Ever wonder what happens when your favorite app or website glitches or isn’t working as expected? Behind the scenes, there is often a dedicated team of individuals ready to jump in to fix them, day or night. At Artera, it is no different, and we ensure our technology runs smoothly for our customers. We transformed our on-call process on how we handle such a crucial responsibility, which ultimately made our engineering organization stronger and more effective. I will share how we did it and the positive changes that it brought.
The Challenge: Before Our Shift
Like many technology companies, Artera’s engineering teams have always provided 24×7 support to our customers. However, the process that supported us as a small, early-stage startup no longer scaled to keep pace with our growing customer base and our internal growth. Our on-call support process required a revamp to ensure we continued to meet the needs of our customers and improve other areas internally:
- Burnout Central. A large handful of engineers were burned out from constantly being under pressure, which created a daunting perception of being on-call for the rest of the engineers.
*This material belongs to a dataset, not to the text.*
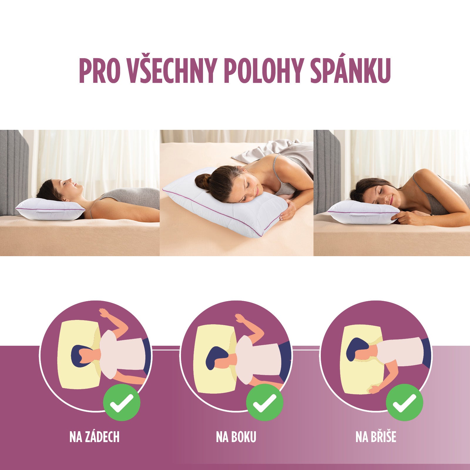 Univerzální polštář pro všechny polohy při spánku.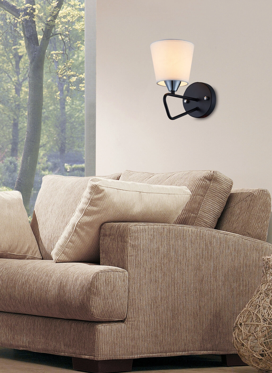 Ten czarny kinkiet ścienny świetnie spisze się zarówno jako nastrojowe oświetlenie w sypialni, jak i praktyczna lampa na ścianę w salonie. Dzięki kompaktowym wymiarom Morley sprawdzi się jako kinkiet nad łóżkiem, kącikiem czytelniczym lub stylowe oświetlenie w strefie wypoczynkowej. Metalowa podstawa zapewnia trwałość, a tkaninowy abażur rozprasza światło, tworząc przytulną, nieoślepiającą poświatę.

- Knowledge Bottleneck. Critical knowledge was contained within a small circle of engineers, which is a dangerous practice that knowledge can easily be lost if these engineers were unavailable.
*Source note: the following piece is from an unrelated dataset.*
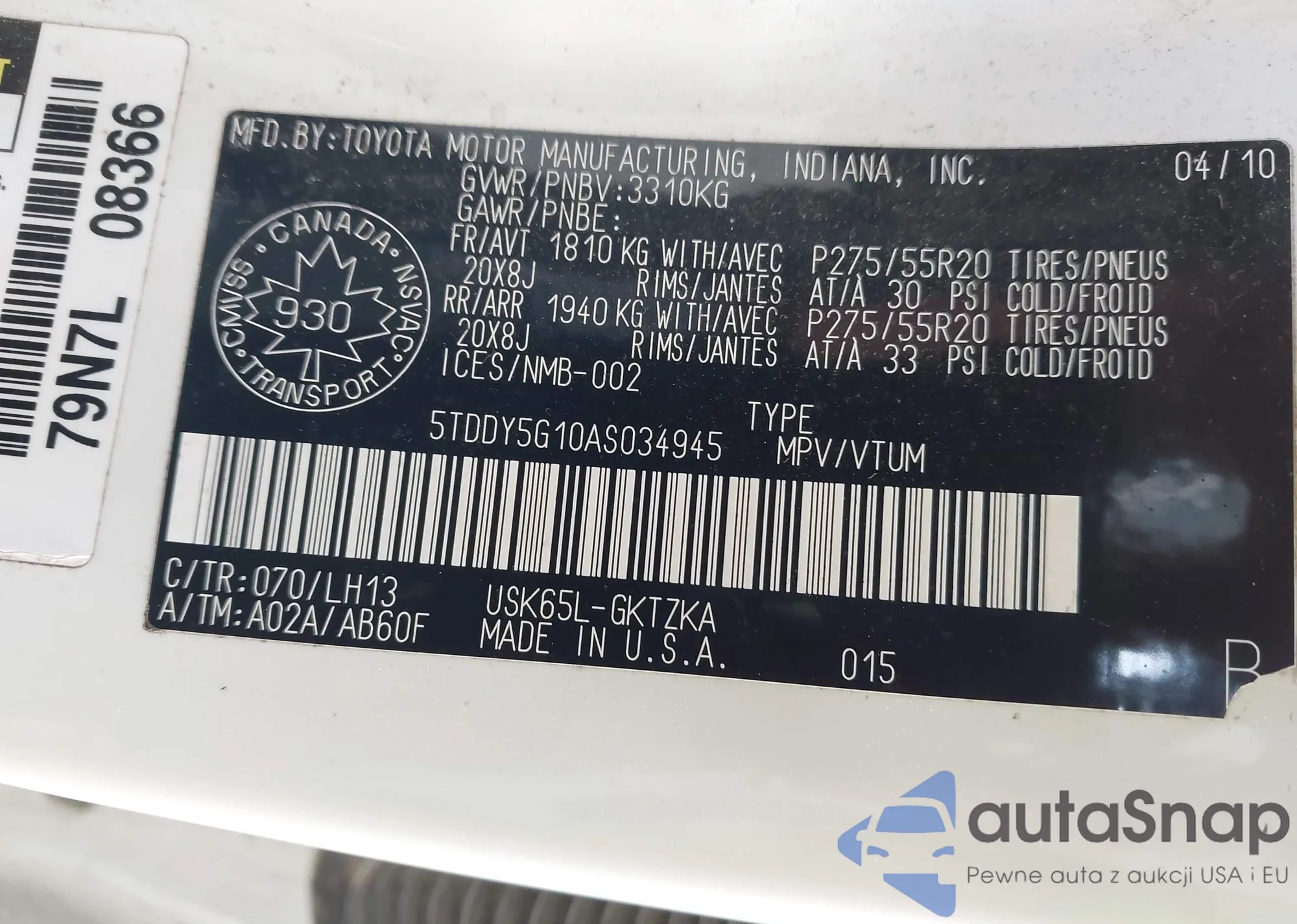 LOT: 44499869 VIN: 5TDDY5G10AS034945

- Everything is an Emergency. There was a lack of prioritization on which issues should be tackled first, so even minor issues became a “sev-1” which created many unintended disruptions and a constant sense of crisis.
There are other factors that indicated this was not a sustainable or scalable process, so we needed to make a change, and fast.
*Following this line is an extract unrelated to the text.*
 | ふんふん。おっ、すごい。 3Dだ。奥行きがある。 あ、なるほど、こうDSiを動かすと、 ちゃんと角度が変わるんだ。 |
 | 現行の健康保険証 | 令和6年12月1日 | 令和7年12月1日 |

Introducing Our New On-Call Model
There is lengthy documentation on our process that the organization uses for guidance. For the purpose of this blog, we will share a summarized version and highlight the big focuses.
- Team Structure and Share Responsibility. Instead of relying on a few engineers, we spread the on-call responsibilities across all the individuals and teams. It feels more like a neighborhood watch system where everyone gets to play a part. Teams can decide their own rotation so it is much more manageable for everyone’s personal schedules and comfort. We also ask that 20% of every team capacity is dedicated to address on-call issues so urgent issues can be addressed promptly.
- Mode of Operations. An on-call engineer is responsible for resolving a list of different types of issues that align to their direct team, typically in this priority order: severity-1 defects, release failures, severity-2 & 3 defects, security vulnerabilities, and miscellaneous engineering work that may not have a direct owner. When there are no on-call issues to work on, this on-call engineer can pick up sprint work or help the team in other ways.
- Handling the “Oh No!” Moments. When we have large, but rare, customer impacting issues, we deem them as severity-1 issues and it’s all hands on deck. We engage with our Customer Support team immediately to inform our customers of the issue while engineers join a war room to fix the problem. An event commander leads the charge to ensure clear coordination, communication, and documentation. Following the incident, we always do a blameless postmortem – a review focused on learning and improving, not pointing fingers – and create an in-depth root-cause analysis document that is shared with our impacted customers. We also share this document internally with other teams so we can learn together and prevent similar issues in the future.
- Team Norms and Guiding Principles. Changing how we work can be a big deal, especially for those who are new to being on-call. We wanted to establish some core values:
- Be supportive of your peers. Provide coverage when others are in need, jump in and help answer questions in your domain, and work as a team to help resolve our defects.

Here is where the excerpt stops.